Your output should be the lines below from the one holding "Jedna decyzja uruchamia" through the one holding "Rectangle shaped ornament", transcribed exactly, with no pictures.

» **TASK DATA**:

--------

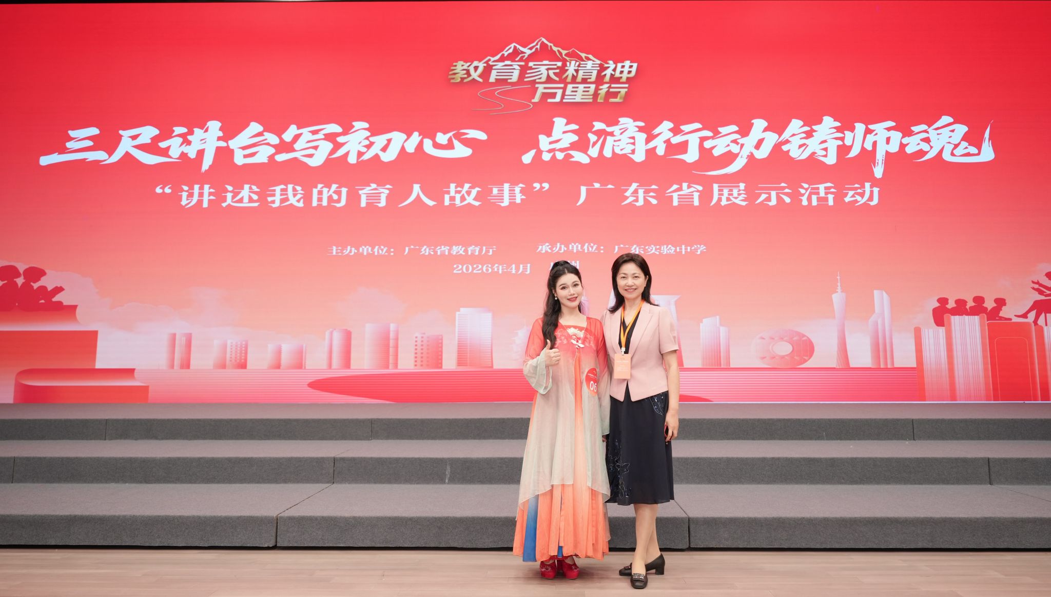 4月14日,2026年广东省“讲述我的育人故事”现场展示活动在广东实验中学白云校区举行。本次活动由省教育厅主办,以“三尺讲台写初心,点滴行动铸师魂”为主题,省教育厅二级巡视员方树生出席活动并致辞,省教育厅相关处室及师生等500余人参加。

--------

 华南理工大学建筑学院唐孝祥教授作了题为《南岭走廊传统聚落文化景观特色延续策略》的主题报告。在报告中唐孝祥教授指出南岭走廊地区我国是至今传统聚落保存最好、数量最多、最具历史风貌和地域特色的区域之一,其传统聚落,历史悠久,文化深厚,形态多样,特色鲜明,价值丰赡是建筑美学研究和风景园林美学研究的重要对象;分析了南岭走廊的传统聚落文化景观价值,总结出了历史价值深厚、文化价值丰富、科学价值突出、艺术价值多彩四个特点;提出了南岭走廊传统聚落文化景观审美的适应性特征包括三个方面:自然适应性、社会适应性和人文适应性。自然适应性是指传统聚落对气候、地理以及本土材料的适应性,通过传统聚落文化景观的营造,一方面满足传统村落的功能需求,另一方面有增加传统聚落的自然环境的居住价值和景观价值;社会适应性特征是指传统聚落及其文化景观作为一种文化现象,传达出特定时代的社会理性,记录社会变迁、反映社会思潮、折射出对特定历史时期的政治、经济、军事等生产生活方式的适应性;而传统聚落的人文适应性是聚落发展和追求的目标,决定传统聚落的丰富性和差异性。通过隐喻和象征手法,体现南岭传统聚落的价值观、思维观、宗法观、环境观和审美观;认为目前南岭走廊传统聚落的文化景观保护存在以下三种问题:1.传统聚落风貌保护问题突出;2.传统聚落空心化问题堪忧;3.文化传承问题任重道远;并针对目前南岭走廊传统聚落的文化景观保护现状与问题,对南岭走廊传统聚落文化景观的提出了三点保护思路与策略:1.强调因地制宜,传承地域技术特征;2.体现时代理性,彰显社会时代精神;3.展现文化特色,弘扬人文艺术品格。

--------

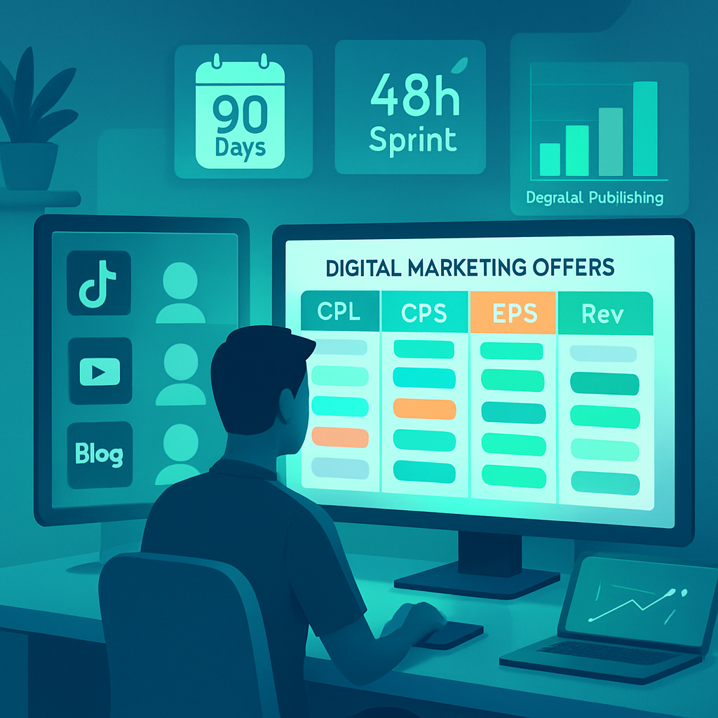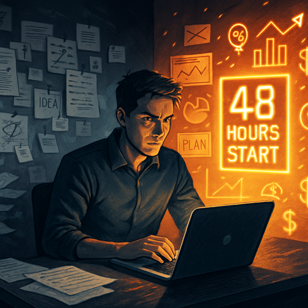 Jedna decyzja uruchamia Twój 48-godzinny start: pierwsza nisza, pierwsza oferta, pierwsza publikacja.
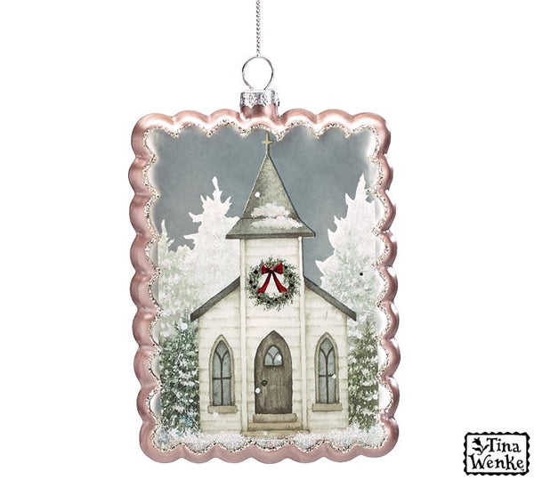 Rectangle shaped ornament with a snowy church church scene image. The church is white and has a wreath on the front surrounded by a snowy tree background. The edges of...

--------

» **ANSWER BOX**:
 Jedna decyzja uruchamia Twój 48-godzinny start: pierwsza nisza, pierwsza oferta, pierwsza publikacja.
 Rectangle shaped ornament with a snowy church church scene image. The church is white and has a wreath on the front surrounded by a snowy tree background. The edges of...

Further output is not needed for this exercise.